I've seen clay balls 3/8 and 1/2 inch. Biodegradable. Thoughts?


----------



## CatfishKurt (Dec 12, 2017)

Oh shoot I posted out of 2019 guide. Here is 2020. Slightly different wording.


----------



## KI Jim (Apr 14, 2004)

I think it would be very difficult to hit (much less kill) a squirrel with a slingshot. It is difficult enough with a .22 . Seems like they "know" when you are hunting them. During deer season, they seem to be everywhere. You go into the woods hunting them and it is a different story.


----------



## Martin Looker (Jul 16, 2015)

Killing a squirrel with a slingshot isn't hard. It's the hitting part that is just a little tough to do. You have to do a bunch of practicing to be able to bring them down.


----------



## Fishindeer (Dec 29, 2017)

So what I read is it’s legal to hunt small game out of a tree stand. Except for migratory birds. Doesn’t stipulate guns. So a slingshot would be legal as all other weapons.


----------



## Jerry Lamb (Aug 3, 2015)

I've shot them with a wrist rocket during small game season, good sized steel bearings.
If you can believe it, they struck with an audible "thunk", but never managed to penetrate.
I never actually killed any. Shot at ducks with them too during duck season, same result.


----------



## CatfishKurt (Dec 12, 2017)

Fishindeer said:


> So what I read is it’s legal to hunt small game out of a tree stand. Except for migratory birds. Doesn’t stipulate guns. So a slingshot would be legal as all other weapons.
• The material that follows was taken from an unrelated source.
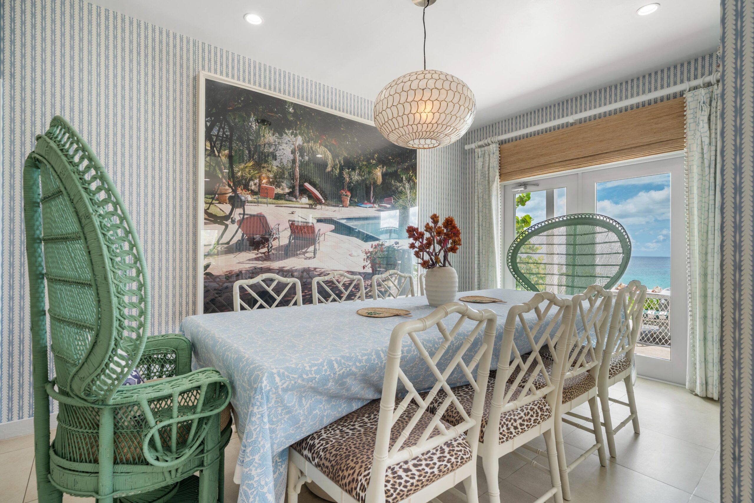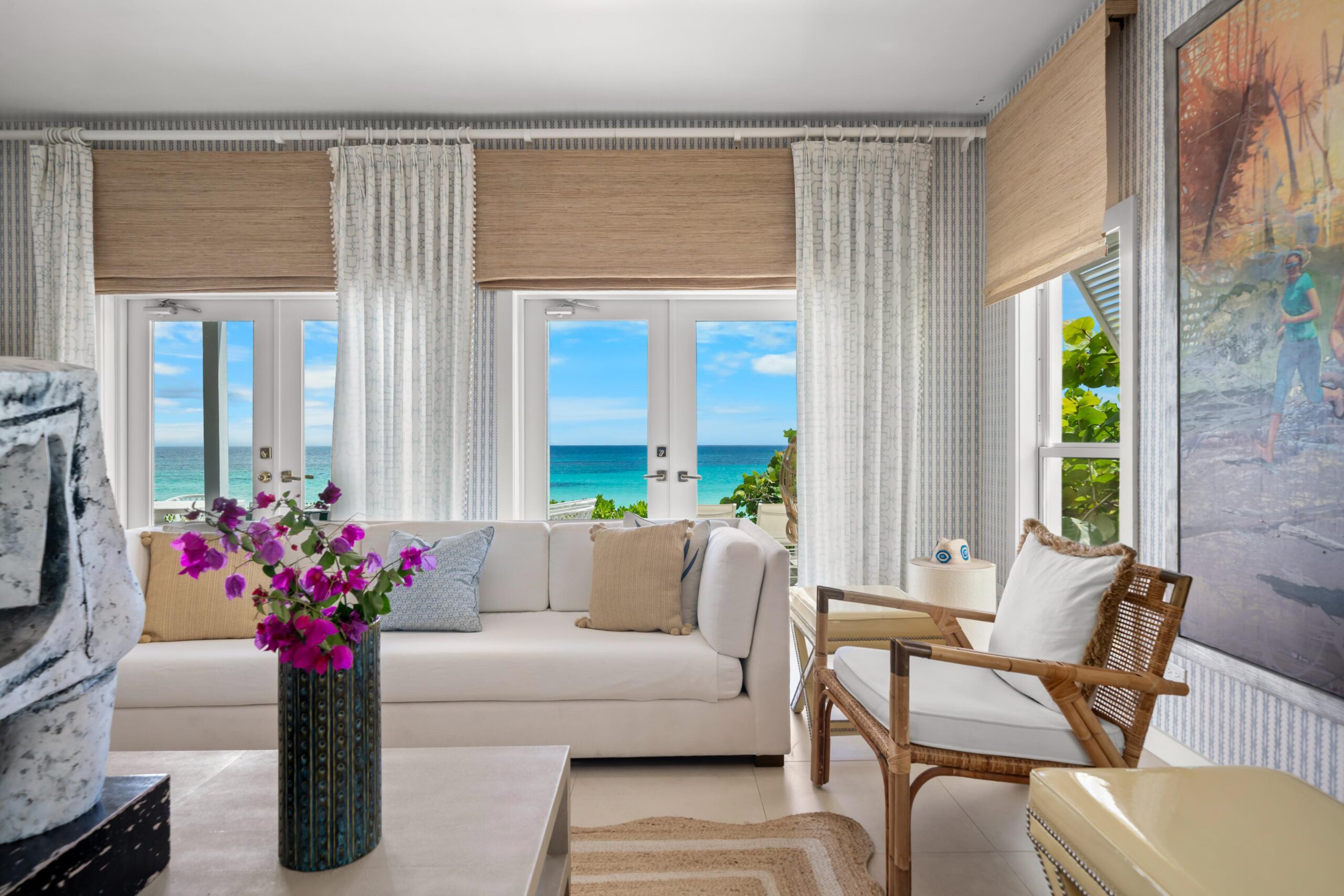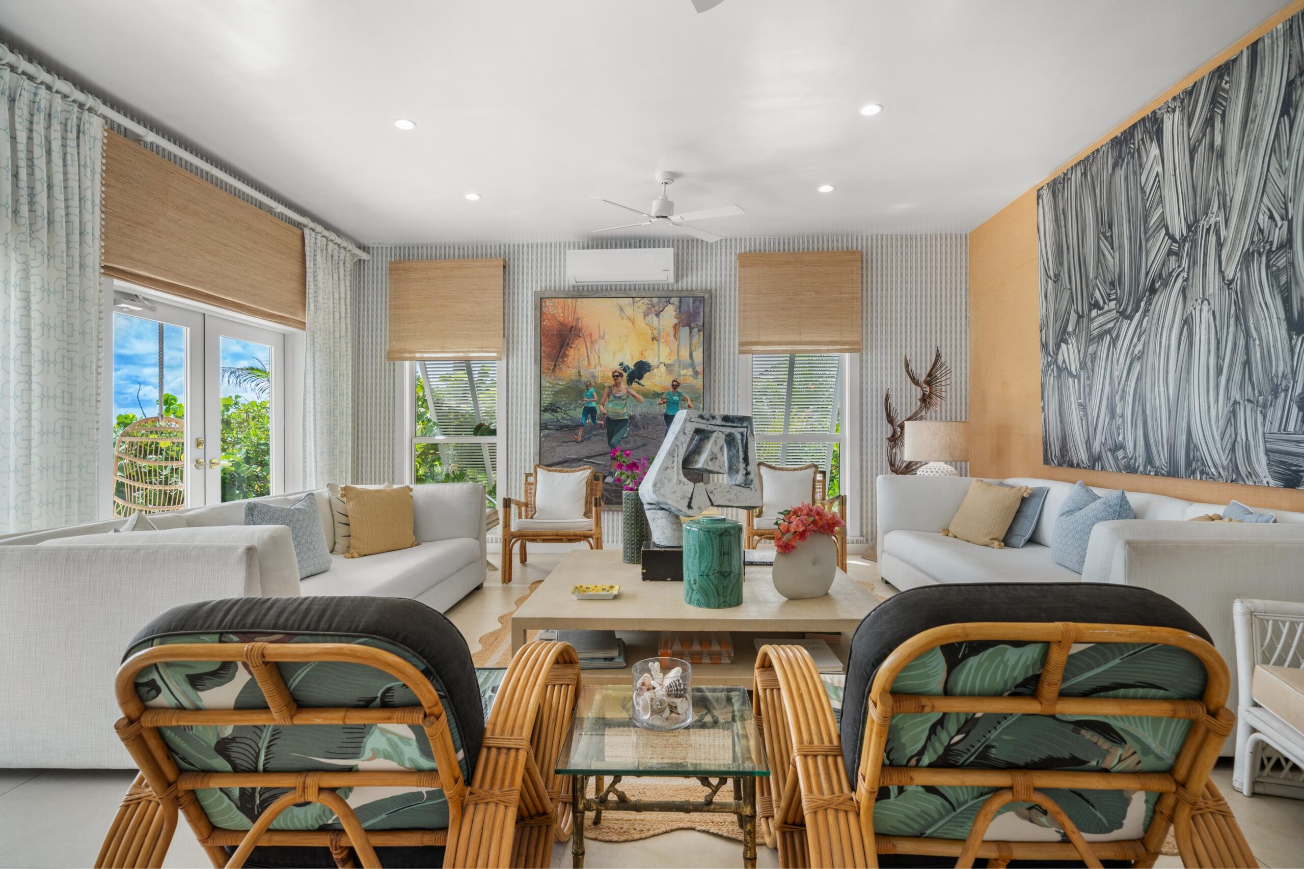 The immaculate interiors are beautifully decorated with iconic mid-century furniture featuring designers such as Karl Springer, Curtis Jere and Vladimir Kagan showcased alongside vintage rattan pieces. The walls are adorned with stunning contemporary art from the owner’s private collection.

That's what I take it as..


----------



## Chessieman (Dec 8, 2009)

Yep, looks like the law was changed from last year. CB 22's anybody? Be easier taking a 22 rifle slung over your shoulder while carrying a bow.


----------



## Lightfoot (Feb 18, 2018)

I've hit plenty of squirrels with a wrist rocket. I never hit any of them in the head and never killed a single one. Having a red squirrel barking at you at 10 feet might give different results.

On a side note while sitting in a tree waiting for deer. Wrist rockets aren't exactly quiet. If the tree rats are that irritating, there is always a judo point or rubber blunt. Ammo is kinda spendy though.

Or, a can on a Ruger MarkII for your cpl. Granted, still rather noisy for a tree stand.


----------